See the PowerShell command syntax.
Add-MailboxPermission -Identity "Identity" -User "Identity" -AccessRights FullAccess -InheritanceType All
Run the below PowerShell command example.
Add-MailboxPermission "Brenda.Smith@m365info.com" -User "FinanceUSA@m365info.com" -AccessRights FullAccess -InheritanceType All
The PowerShell output result shows the Object ID of the user mailbox (Brenda), which shares Full Access permission.
Identity User AccessRights IsInherited Deny
-------- ---- ------------ ----------- ----
d912b0fc-6f7e-4ec... S-1-5-21-70143928... {FullAccess} False False
It automatically adds the security group as a mailbox delegate of the user mailbox. The members of the mail-enabled security group have Full Access rights to Brenda’s mailbox.
Assign security group Full Access permission user mailbox with AutoMapping
One of the main differences when granting mailbox permissions is whether they are assigned to a security group or a user mailbox. When permissions are assigned to a security group, it can’t implement the AutoMapping option for each group member. It’s because of the permission assignment implemented by referencing the group object and not the security group members.
Note: PowerShell doesn’t add a mailbox folder in Outlook (AutoMapping) for the members of a group. You need to enable that with the -AutoMapping parameter and set the value to $true.
We will show you how to enable the AutoMapping option for the security group members in PowerShell. Instead of assigning permission directly to the security group, we will first extract a list of the group members names.

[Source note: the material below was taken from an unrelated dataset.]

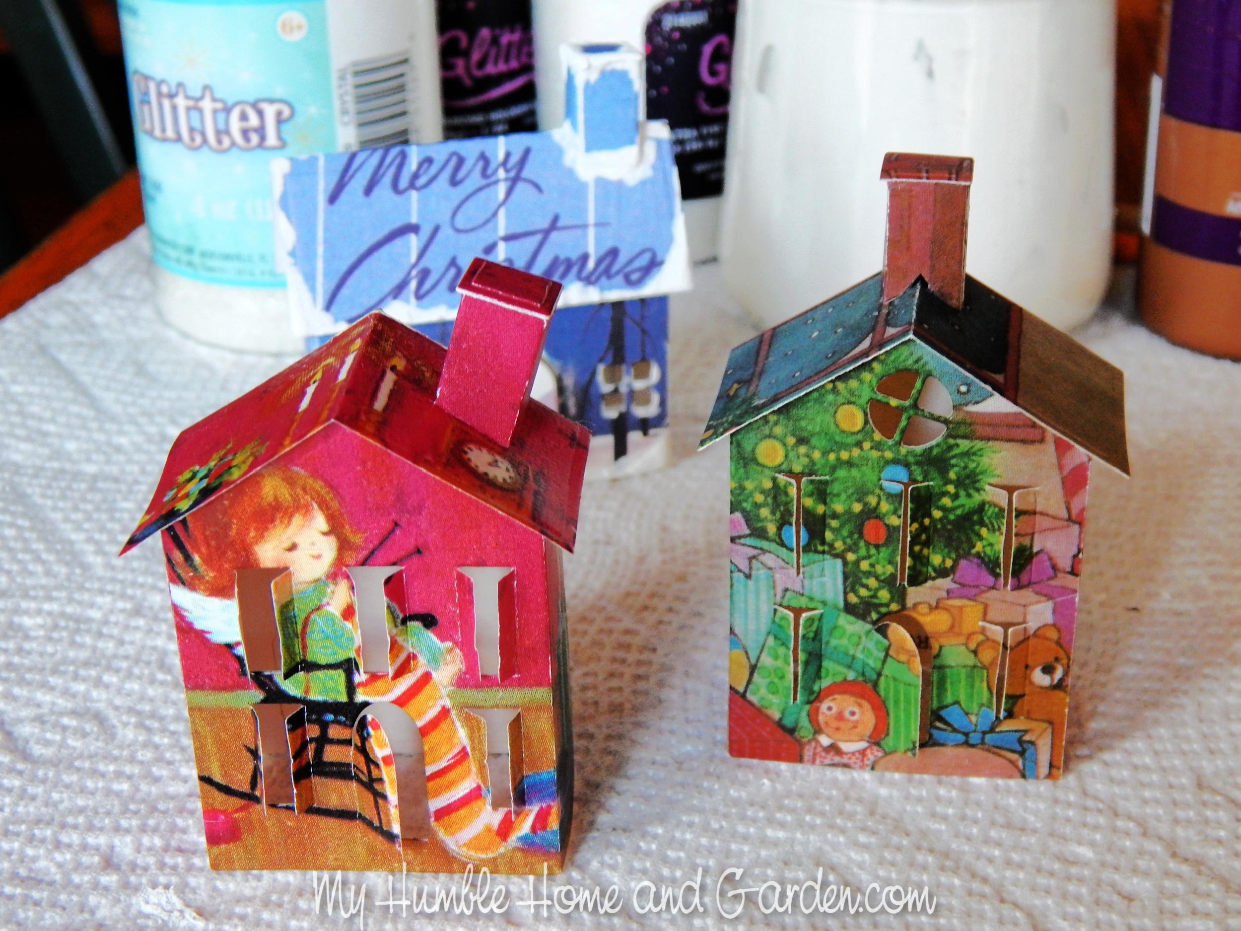 How to Make Putz Houses from Christmas Cards – Flat chimney on the left and angle cut on the right. #putzhouses #Christmascraft #putzhousesfromChristmascards

Then, we will use the ForEach PowerShell cmdlet to provide the required mailbox permissions for each group member.
See the PowerShell script example below.
- Type the Primary SMTP address of the security group in line number 1
- Type the UserPrincipalName of the user mailbox in line number 3
$SecurityGroup = Get-DistributionGroupMember -Id "Primary SMTP address"
ForEach ($Member in $SecurityGroup) {
Add-MailboxPermission "UserPrincipalName" -User $Member.Name -AccessRights FullAccess -InheritanceType All -AutoMapping $true
}
Run the PowerShell script with AutoMapping.
$SecurityGroup = Get-DistributionGroupMember -Id "FinanceUSA@m365info.com"
ForEach ($Member in $SecurityGroup) {
Add-MailboxPermission "Brenda.Smith@m365info.com" -User $Member.Name -AccessRights FullAccess -InheritanceType All -AutoMapping $true
}
The PowerShell output result shows all the members of the security group.
Identity User AccessRights IsInherited Deny
-------- ---- ------------ ----------- ----
41377e9c-dc47-46c... S-1-5-21-70143928... {FullAccess} False False
It will add a mailbox folder of the user mailbox (Brenda) to each member of the security group (Finance USA).
Assign security group Full Access permission to all user mailboxes
We want to provide the security group Full Access permission to a filtered list of user mailboxes. It means that all the members of a mail-enabled security group can open all user mailboxes in your organization and behave as the mailbox owner.
In our example, we want to assign mailbox permission to a security group named (Finance USA) to bulk user mailboxes.
See the PowerShell command syntax.
Get-Mailbox -ResultSize Unlimited -RecipientTypeDetails UserMailbox | Add-MailboxPermission -User "Identity" -AccessRights FullAccess -InheritanceType All
Run the PowerShell command example.
Get-Mailbox -ResultSize Unlimited -RecipientTypeDetails UserMailbox | Add-MailboxPermission -User "FinanceUSA@m365info.com" -AccessRights FullAccess -InheritanceType All
The PowerShell output result appears as below.
Identity User AccessRights IsInherited Deny
-------- ---- ------------ ----------- ----
0de964ae-f09a-4e6... S-1-5-21-70143928... {FullAccess} False False
ed01f464-daf9-42a... S-1-5-21-70143928... {FullAccess} False False
41377e9c-dc47-46c... S-1-5-21-70143928... {FullAccess} False False
7bfec79d-7806-484... S-1-5-21-70143928... {FullAccess} False False
f034e5cd-4abb-47c... S-1-5-21-70143928... {FullAccess} False False
6ec79c8e-5a84-499... S-1-5-21-70143928... {FullAccess} False False
5f4d37cd-383c-413... S-1-5-21-70143928... {FullAccess} False False
091c4453-82be-47c... S-1-5-21-70143928... {FullAccess} False False
WARNING: The appropriate access control entry is already present on the object "CN=
091c4453-82be-47c2-a9e4-854ed27a511a,OU=ms365info.onmicrosoft.com,OU=Microsoft Exch
ange Hosted Organizations,DC=EURPR02A011,DC=PROD,DC=OUTLOOK,DC=COM" for account "S-
1-5-21-701439281-3420630407-1831248095-16740258".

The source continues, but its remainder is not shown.